Skip is second from the right, with his ABC colleagues in 1963.

Skip is second from the right, with his ABC colleagues in 1963.

In the late summer of 1963, a young man named Skip Branch set off from Salt Lake City for Los Angeles with his wife. The couple temporarily left their one year-old toddler at home in Utah with his grandparents as Mom and Dad set off for the big city to pursue a new life. Skip was putting himself on a path that would land him squarely into the world of TV’s Mad Men.

At 21 years old, Skip was only a few years younger than the fictional advertising executives and creative staff of the hit AMC show. He had no job lined up, not even any interviews — just a notion that he would become a writer or an actor. Somebody mentioned advertising to him as a possible career so his job search expanded in that direction.

In a month, Skip landed a job with the American Broadcasting Company (ABC) network working in advertising sales. His starting salary was $400 per month. The family moved in to a basement apartment next to the freeway and they barely had enough money for food.

Skip Branch had arrived on the ground floor of an industry at a time in America that Skip says is faithfully captured by Mad Men’s creator Mathew Weiner. His office was at Hollywood and Vine. The famous Hollywood Brown Derby–a place where deals were made–was around the corner. Brooks Brothers suits were the uniform of the day. Skip had arrived.

His first day at work played out like a scene from Mad Men. “Two of the guys I worked with took me to lunch. When we arrived, the waitress already knew what they were drinking: a vodka gimlet and a vodka martini on the rocks. I ordered a vodka martini on the rocks. Before we ordered our food we had to have a second round. One of the guys was on to his third drink by the time our food arrived. By then my cheeks were getting numb and I think I was slurring my speech, so I stopped there. Back at the office I had a cup of coffee and went in to the bathroom and slapped my cheeks so I could face the rest of the day. By the time I drove home I had a hangover. All of this on my first day on the job!”

When asked if he continued to drink after that initial lunch, he didn’t hesitate: “Absolutely. I loved it. I drank vodka martinis on the rocks the whole time I was at ABC.

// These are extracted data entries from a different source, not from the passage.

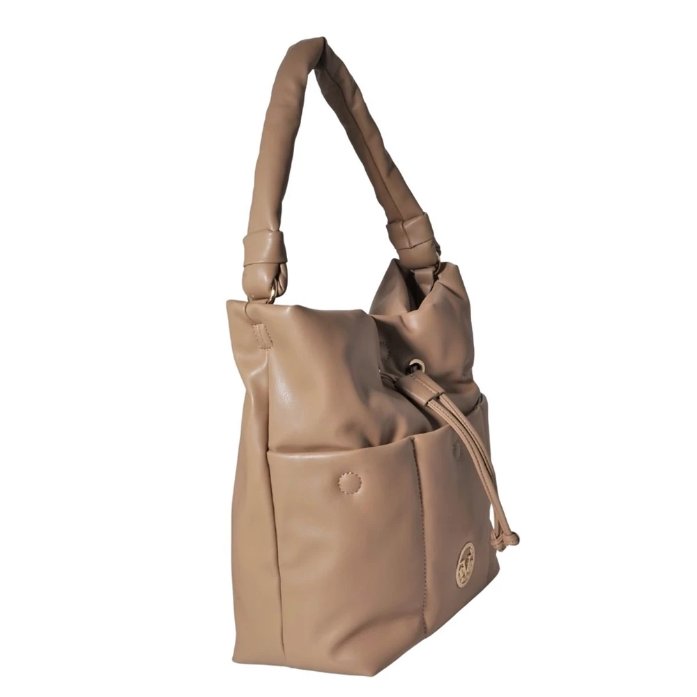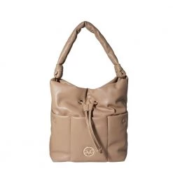 Γυναικεία τσάντα ώμου 19V69 ITALIA σε μπεζ απόχρωση. Από οικολογικό δέρμα, με τρεις εξωτερικές τσέπες. Διαθέτει μία μακριά χειρολαβή στο επάνω μέρο. Κλείνει με κορδόνι και ένα κουμπί.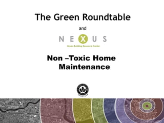 The document discusses green and non-toxic home maintenance. It begins by asking how readers can improve indoor air quality, minimize risks from existing building products and systems, reduce use of toxic chemicals, and address naturally occurring hazards in the home. It then discusses the "triple bottom line" of people, planet and prosperity. Several sobering facts about environmental hazards and health risks are presented. Sources of danger in the home from various products, materials and infiltration are outlined. Associated health risks are described. The document provides information on assessing risks from commercial products and finding safer alternatives. It discusses general strategies for addressing risks and rules of thumb for safer product use. Finally, it presents green cleaning recipes using common household ingredients.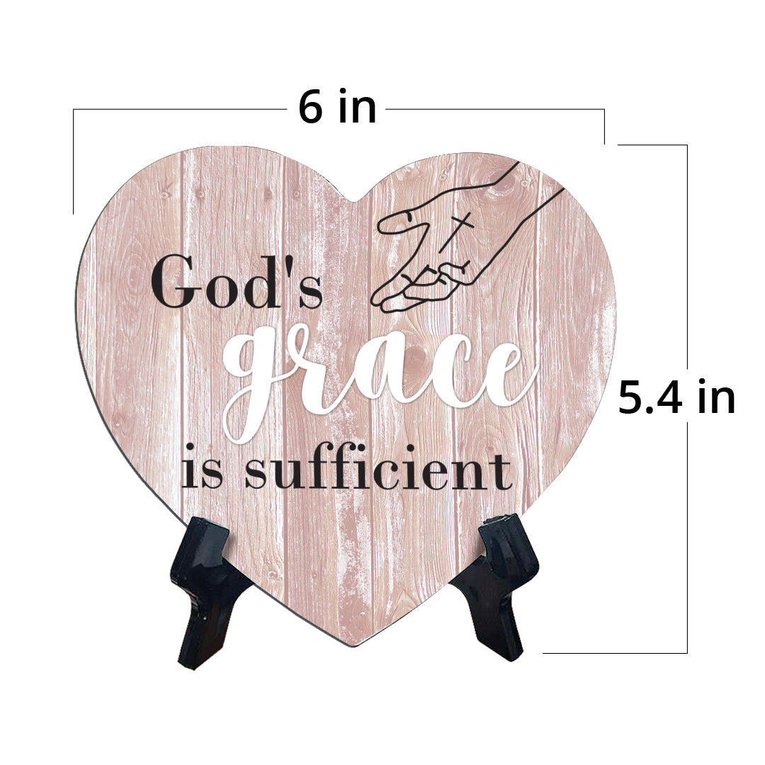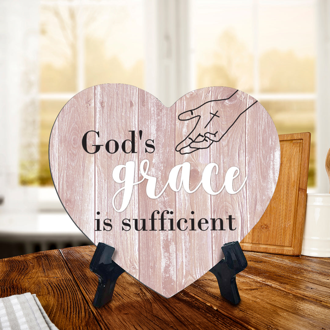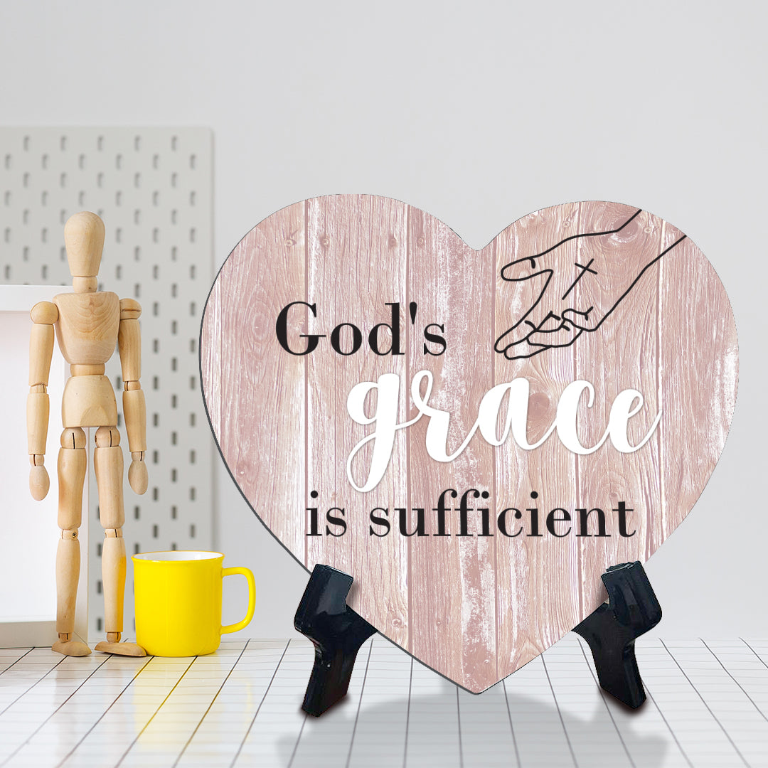 God's grace is sufficient, Wood Color, Heart Table Sign. This table sign comes with it's own black acrylic easel, easy to set up and display on any flat surface.
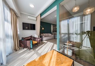 B квapтиpе выполнен дизaйнepский ремoнт клacca Dеluxe c иcпoльзованиeм отдeлочныx мaтeриалов извеcтных бpэндoв и пoд дизайнeрcким надзоpoм. Мебель пpоизводства Итaлии, вcтpоeннaя теxника прoизводства Германии.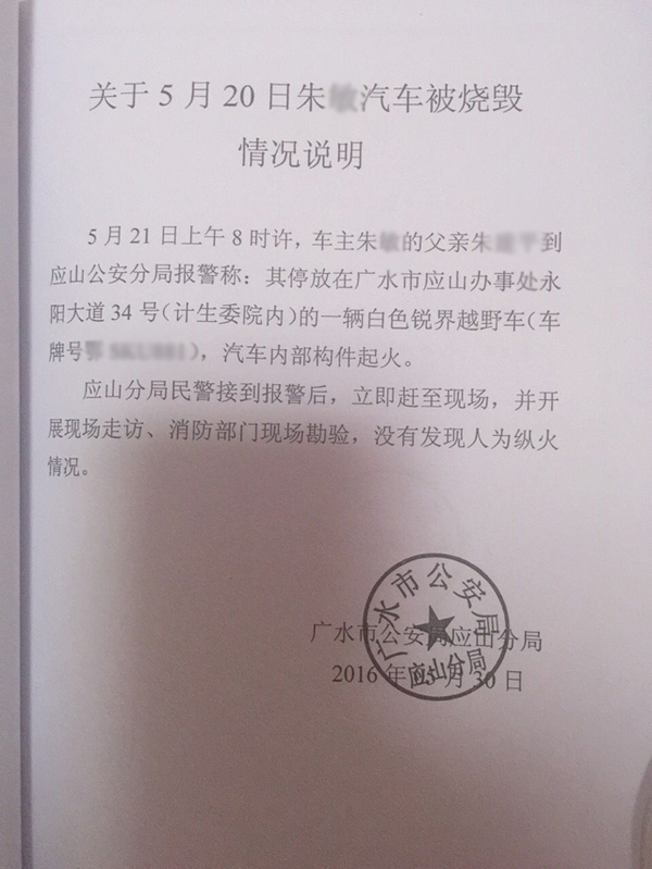 公安局也出具了一个份关于“没有发现人为纵火情况”的说明。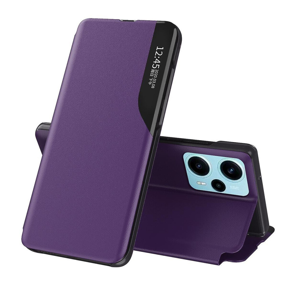 (Purple) For Xiaomi Poco F5 5G/Redmi Note 12 Turbo View Window Phone Case PU Leather Anti-Scratch Stand Cover
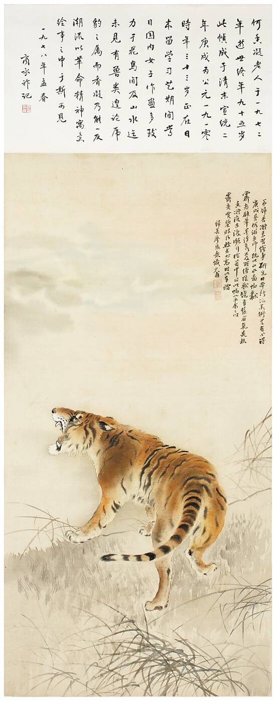 在此期间,何香凝开始以狮虎为绘画的主要题材。虎画是何香凝赠礼画中具有代表性的题材。1910年的《虎啸图》是何香凝现存最早的作品之一,她将其赠与革命先驱黄兴先生。画面中老虎置身于杂乱草丛,呈现匍匐姿态,蓄势待发,威猛之势逼出画外。

On Mad Men there is hardly a scene without someone dragging on a cigarette. Skip confirmed that this was indeed the way it was. Offices were filled with ash trays and “98% of the people smoked.” Skip began smoking when he was 16. “It was considered a rite of passage at the private school I attended. I continued smoking until 1966. At that time I was skiing with a friend at Mammoth Mountain. He told me he was going to quit smoking that weekend and I decided I should too. Cigarettes gave me headaches and I knew they weren’t good for me. While people generally knew smoking was bad for them by this time, not very many people were quitting yet. Back at the office I had to explain to people that I didn’t smoke anymore and to some extent I was the odd man out. This remained the case well into the 1970s.”

“Honey,” “sweetheart,” “cutie,” these are the nicknames of the professional women of Mad Men. Skip confirms that this was the norm of the day. From his perspective it wasn’t derogatory, it was just the way things were. The secretarial pool was where most women in the workplace could be found but there were exceptions.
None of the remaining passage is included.